Ponzi Schemes – What are Ponzi Schemes?

Ever since the idea of investing money was created there have been dishonest people who are looking to make money off of the innocent trust of others. In the last decade or so, Ponzi schemes have made headlines all over the world for stealing money from unsuspecting investors. The most famous of all the Ponzi schemes is the one perpetrated by Bernie Madoff in 2008 that wound up costing investors over $65 billion from a list of clients that included famous actors and wealthy business people.

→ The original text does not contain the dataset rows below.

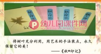 活动延伸:幼儿可尝试用不同的美术形式进行树叶创作,最终将自己的树叶创意作品装订成画册——课件PPT《秋*印记》。
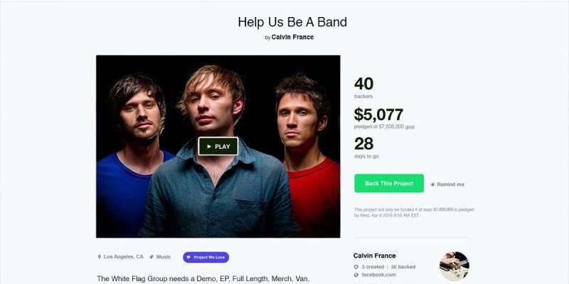 LOS ANGELES – Los Angeles indie band The White Flag Group have launched a Kickstarter campaign to fund their demo, EP, band merchandise, full length album, van, second full length album, drug habit, third full length album, addiction recovery, and reunion tour following their first official band practice last week.
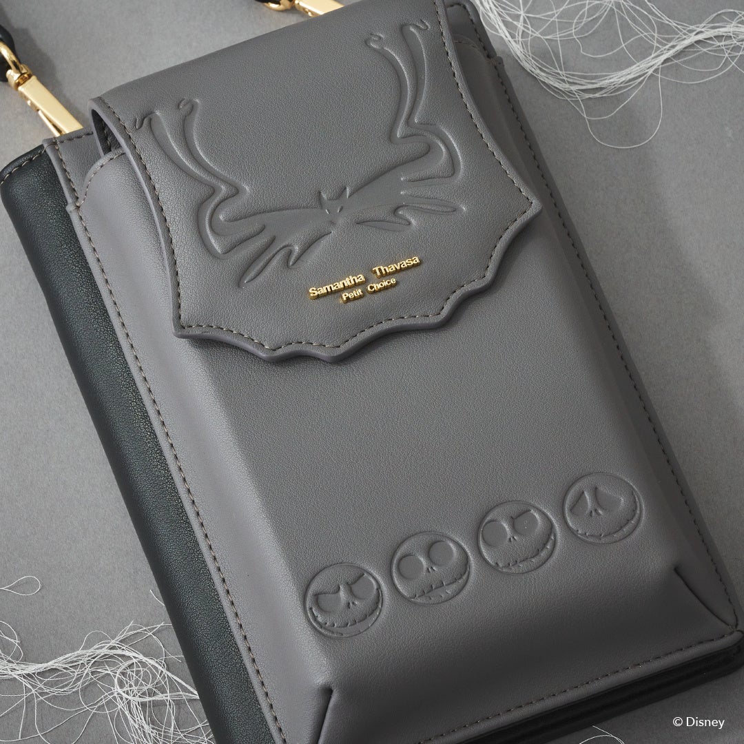 お出かけにピッタリなスマホショルダーバッグはグレーとブラックのモノトーンバイカラー配色に。フラップ部分とスマホポケットに「ジャック」の顔と襟のデザインの型押しでを施し、表情がコロコロ変わる「ジャック」が可愛い。
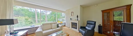 De woonkeuken met diverse inbouwapparatuur biedt een fantastisch vrij uitzicht over de tuin en het groen. Vanuit de keuken is er een directe verbinding met de royale, tuingerichte living met sfeervolle gashaard. De aangrenzende serre met schuifpui naar het terras vormt een heerlijke plek om binnen en buiten met elkaar te verbinden. Via de gang zijn bereikbaar: het toilet met fontein, een slaapkamer met vaste kastenwand, een tweede slaapkamer met kasten en een fitnessruimte, die ook uitstekend te gebruiken is als kantoor of atelier. De moderne badkamer is voorzien van een inloopdouche en design wastafelmeubel.
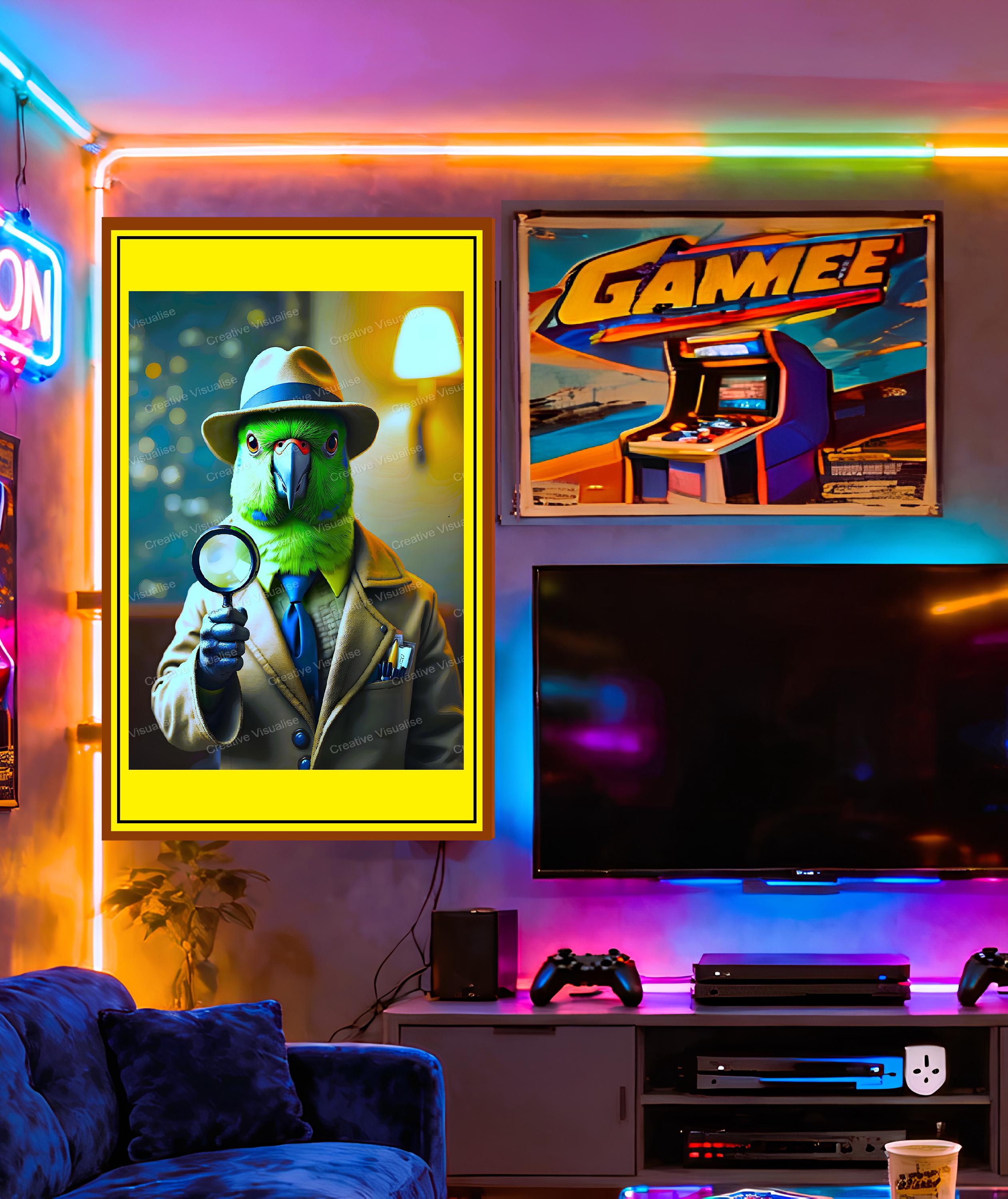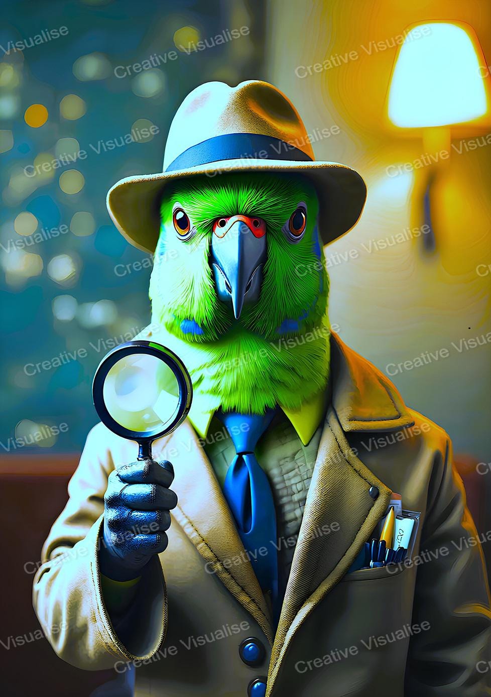 A digital photo of a parrot as an inspector that can be easily downloaded and printed. It is large enough for professional posters, canvas prints, and wall decor. The sizes of received digital files: 1. PNG file, 3600×5100 pixels 2. PDF 4:5 ratio, 8×10 and 4×5 inches 3. PDF 3:4 ratio, 12×16 and 6×8 inches 4. PDF 2:3 ratio, 12×18, 8×12, and 4×6 inches 5. PDF file, A3 (11.7×16.5) inches All files are high-resolution 300 DPI professional quality, ensuring crisp and clear prints at every size. For commercial use, please send me a message.

The Madoff scandal is what brought this kind of crime to the attention of the general public, but dishonest investment companies have been stealing money from people for years in this manner.

Ponzi schemes first got their name from an investor name Charles Ponzi who used the age-old scheme in 1920 to steal millions of dollars from unsuspecting clients. Prior to Charles Ponzi, this kind of crime did not have a name even though records of it happening go all the way back to the mid-1800s. Ponzi schemes started to pick up speed in the 1980’s when cases of scandals all over the world were being reported. But, for some reason, these crimes were never very widely reported. People were losing hundreds of millions of dollars in these elaborate schemes and the world heard very little about it. The lack of attention in the media is one of the reasons these schemes were able to exist for so long. Once Madoff’s crimes made the news, people got smarter.

Ponzi schemes are investment frauds where the only income coming in to the scheme is the money being given up by the clients. The person or firm at the center of the scheme is not investing the clients’ money. Instead, the money is being used as a personal income to the criminals running the scheme. Ponzi schemes usually persist until someone gets suspicious and calls the authorities, or the fake securities being sold by the investment house cause government investors to be suspicious.

It is difficult for inexperienced investors to differentiate Ponzi schemes from legitimate investments. One sure way to determine Ponzi schemes if the rate of return on an investment seems to remain consistent for an unusually long period of time. Real investments gain and lose money on a regular basis, a scheme gives returns that do not vary much and are always gains. Most people are not clued in that it is a scam because they keep getting official looking statements. It is not until they try to get their money back that they learn the truth.